▶ [Task to complete]
Everything in the data except the pictures belongs in your answer, copied exactly.

▶ [Data below]
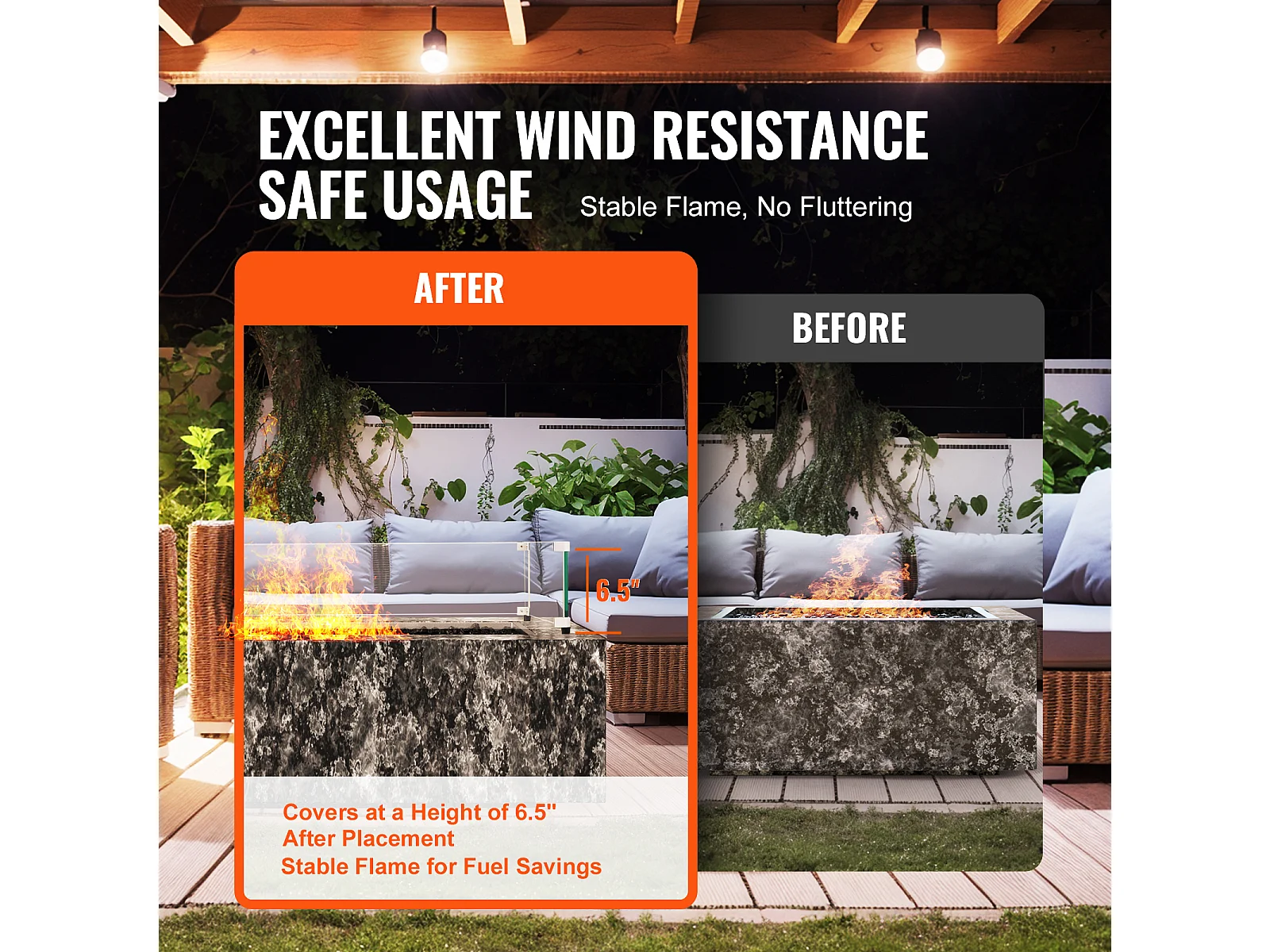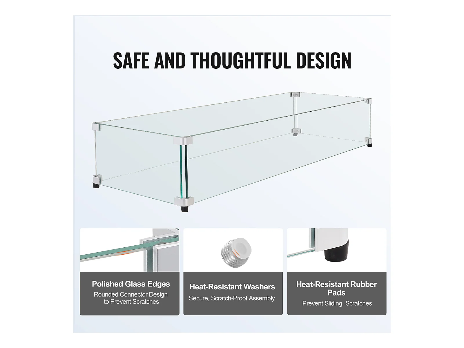 Przednia Szyba SucceBuy Osłona Przeciwwiatrowa ze Szkła Hartowanego do Kominka 798 x 317 x 165 mm, Grubość Osłony 8 mm
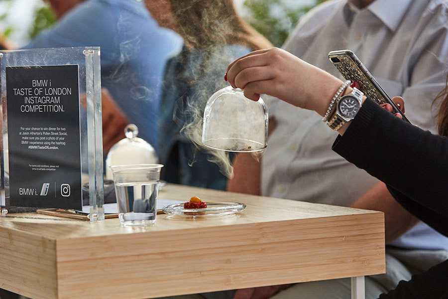 Instead of using existing platforms we challenged the brand with a new, unexpected partnership and turned up at Taste of London where we invited guests to join us for a 'taste drive'. For the first time, guests were able to explore the new car via their taste buds that took them on an edible journey to explore all the cars key features. Partnering with Bubble Foods we created a flavour filled journey through a four-course tasting menu inspired by BMW i's four key brand pillars: sustainability, innovation, visionary and design.
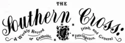 The Southern Cross (subtitled: A Weekly Record of Catholic, Irish, and General News) was initiated on 5 July 1889[3] by the Southern Cross Printing and Publishing Company, with the aim of publishing news about and for the Catholic community. It succeeded The Catholic Monthly, a magazine published by Archbishop C. A. Reynolds (1834–1893) and from which he was "anxious to be relieved".[4] The original board of management consisted of Archdeacon Russell (chairman), the Rev. G. Williams, Hon. James O'Loghlin, M.L.C., Dr. O'Connell J.P. and Mr. W. A. Dempsey, J.P. O'Loghlin was appointed managing editor, with an office at 28 Waymouth Street, Adelaide.[5]
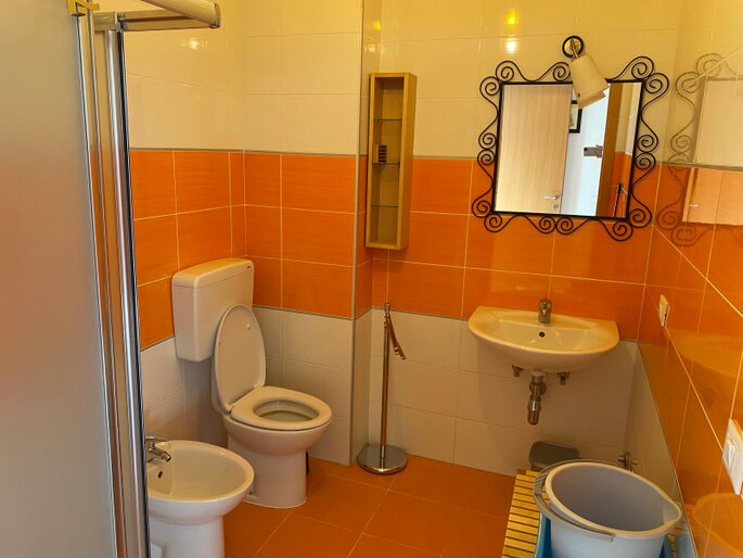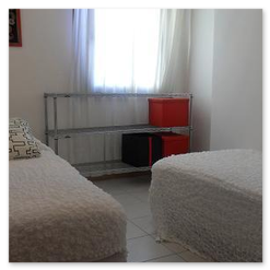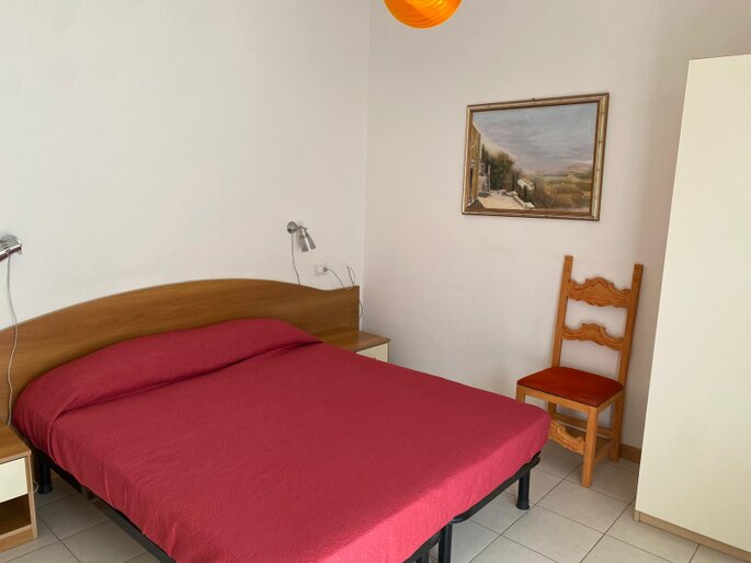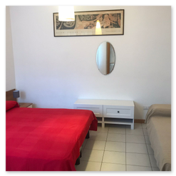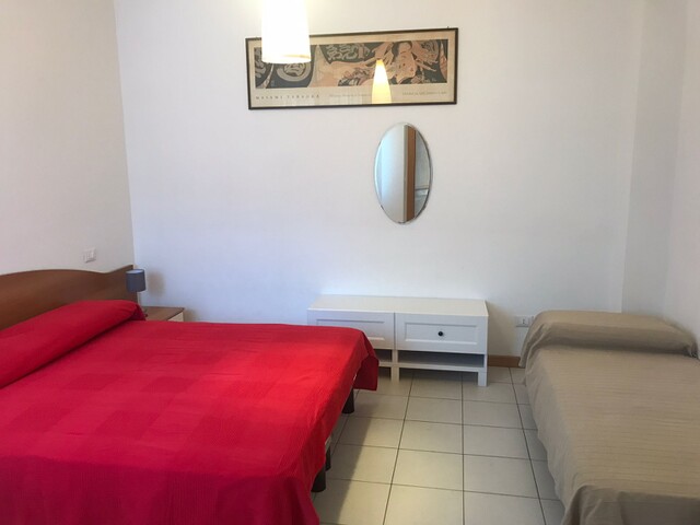 Trivano composto da una ampia camera matrimoniale, una cameretta con due letti singoli, soggiorno con angolo cottura e divano letto doppio, bagno con box doccia e balcone con accesso dalla camera matrimoniale.

▶ [Result of this task]
 Przednia Szyba SucceBuy Osłona Przeciwwiatrowa ze Szkła Hartowanego do Kominka 798 x 317 x 165 mm, Grubość Osłony 8 mm
 Instead of using existing platforms we challenged the brand with a new, unexpected partnership and turned up at Taste of London where we invited guests to join us for a 'taste drive'. For the first time, guests were able to explore the new car via their taste buds that took them on an edible journey to explore all the cars key features. Partnering with Bubble Foods we created a flavour filled journey through a four-course tasting menu inspired by BMW i's four key brand pillars: sustainability, innovation, visionary and design.
 The Southern Cross (subtitled: A Weekly Record of Catholic, Irish, and General News) was initiated on 5 July 1889[3] by the Southern Cross Printing and Publishing Company, with the aim of publishing news about and for the Catholic community. It succeeded The Catholic Monthly, a magazine published by Archbishop C. A. Reynolds (1834–1893) and from which he was "anxious to be relieved".[4] The original board of management consisted of Archdeacon Russell (chairman), the Rev. G. Williams, Hon. James O'Loghlin, M.L.C., Dr. O'Connell J.P. and Mr. W. A. Dempsey, J.P. O'Loghlin was appointed managing editor, with an office at 28 Waymouth Street, Adelaide.[5]
 Trivano composto da una ampia camera matrimoniale, una cameretta con due letti singoli, soggiorno con angolo cottura e divano letto doppio, bagno con box doccia e balcone con accesso dalla camera matrimoniale.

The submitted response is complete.